Five names of likely candidates are currently floating around, including NDP MPs Niki Ashton (Churchill-Keewatinook-Aski, Man.), Charlie Angus (Timmins-James Bay, Ont.), Guy Caron (Rimouski-Neigette-Témiscouata-Les Basuqes, Que.), and Peter Julian (New Westminster-Burnaby, B.C.), as well as Ontario NDP deputy leader Jagmeet Singh, the MPP for Bramalea-Gore-Malton, Ont.

Mr. Angus is currently NDP caucus chair, while Mr. Julian is NDP House leader, and the other MPs hold various critic roles.

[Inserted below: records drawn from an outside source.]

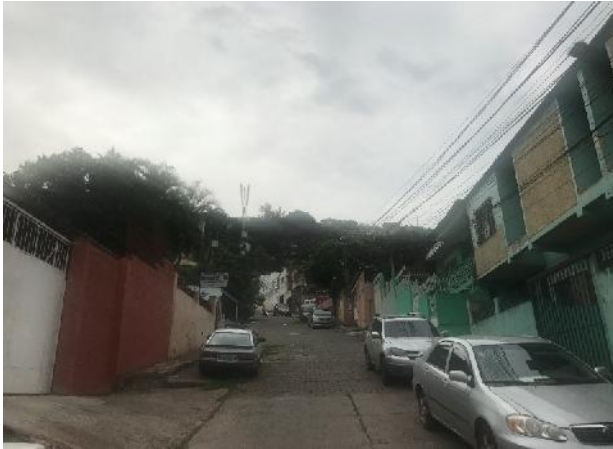
Se observa uno de los pozos a nivelar.
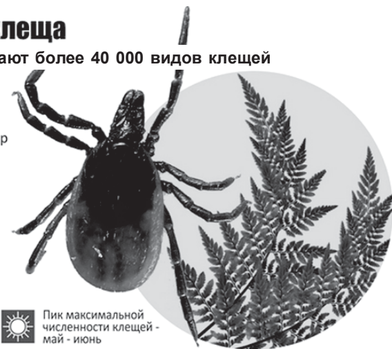
Пик максимальной численности клещей - май - июнь
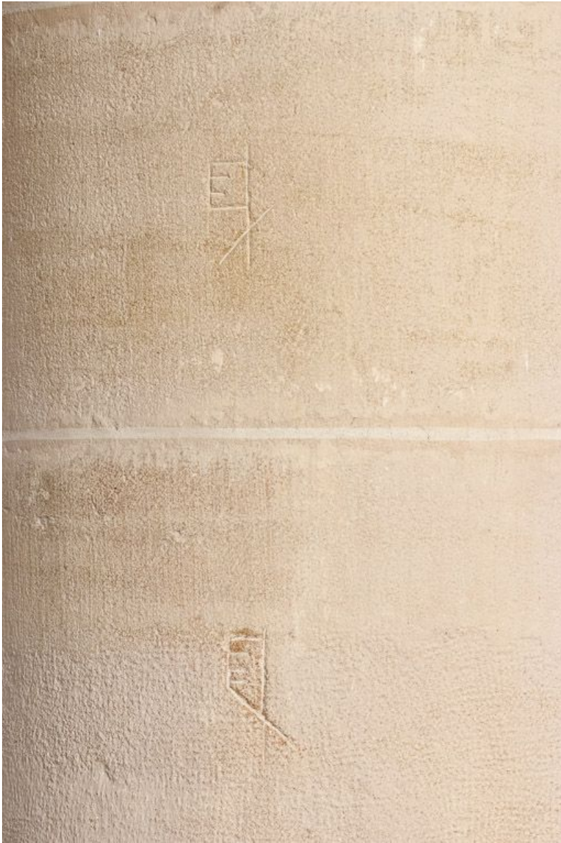
Marques de tâcheron ou d'assemblage sur un pilier de la nef.

21, Ladoix-Serrigny, 1 rue de la Chapelle
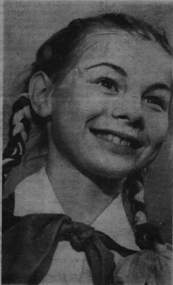
Меня приняли в пионеры!

терина Тимофеевна часто ходит с детьми на прогулки, в кино, на экскурсии. Мы, родители, очень благодарны за ее чуткое отношение к детям. А. ЖАРИКОВ, рабочий совхоза.
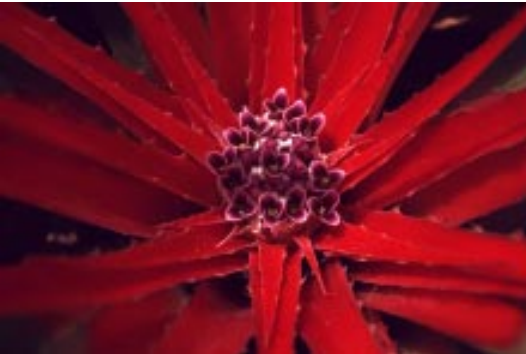
Bloeiende Bromelia in het Christoffelpark, Curaçao.

Dit document brengt uitsluitend de financieringsbehoeften en -mogelijkheden betreffende het beheer door de bestaande beheersorganisaties van twee natuurgebieden per eiland in kaart.
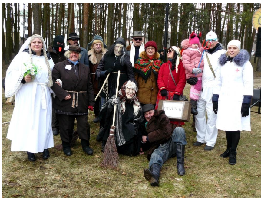
Vasario 24 d. Tauragnų muzikantai, artistai ir prijauciantieji šventė Užgavėnės Utenoje
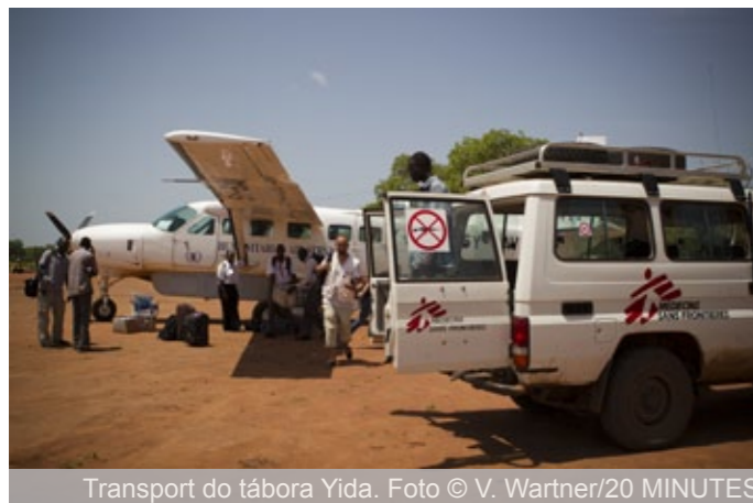
Transport do tábora Yida.

přírodními podmínkami a nedostatečnou výživou je proto rozsah nemocí poměrně široký. Nejčastěji léčíme různé druhy průjmů (krvavých i nekrvavých), infekce horních cest dýchacích, tuberkulózu nebo všudypřítomnou malárii. Stejně tak se často setkáváme se zraněními způsobenými nevybuchlou municí, které je v Nubijských horách víc než dost. Běžnou podvýživou léčí na místě partnerské organizace. My se zaměřujeme na komplikovanější případy, např. při kombinaci podvýživy a malárie nebo silného průjmu. Proočkovanosť populace je velmi nízká a u mnohých ročníků nulová – u dětí se proto objevují spalničky, které mohou v místních podmínkách přejít do epidemie. V takových podmínkách se vždy snažíme provádět masové očkovací kampaně zahrnující ty nejohroženější skupiny. Zde se nám podařilo naočkovat 14 000 dětí ve věku od 6 měsíců do 15 let. Kromě toho očkujeme při vstupní registraci všechny děti přicházející do tábora.
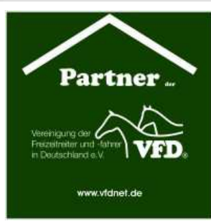
Pflasterkoffer ist offizieller Partner vom VFD

Ein weiteres Szenario war eine junge Reiterin, die sich einen Daumen amputiert hatte. Was tun? Wüssten Sie es?

Some likely candidates have already ruled out runs at the leadership, including NDP MPs Nathan Cullen (Skeena-Bulkley Valley, B.C.) and Alexandre Boulerice (Rosemont-La Petite-Patrie, Que.), both citing family reasons and the demands of a leadership campaign. Former MP Megan Leslie has similarly indicated she doesn’t have an interest this time around when repeatedly asked, including recently on Twitter on Oct. 8.

With a year to go until a vote, sources say there’s puzzlement among some but little concern overall on the lack of any candidates, with MPs now focused on work in the House of Commons after getting a chance to vent at the caucus retreat in Montreal last month.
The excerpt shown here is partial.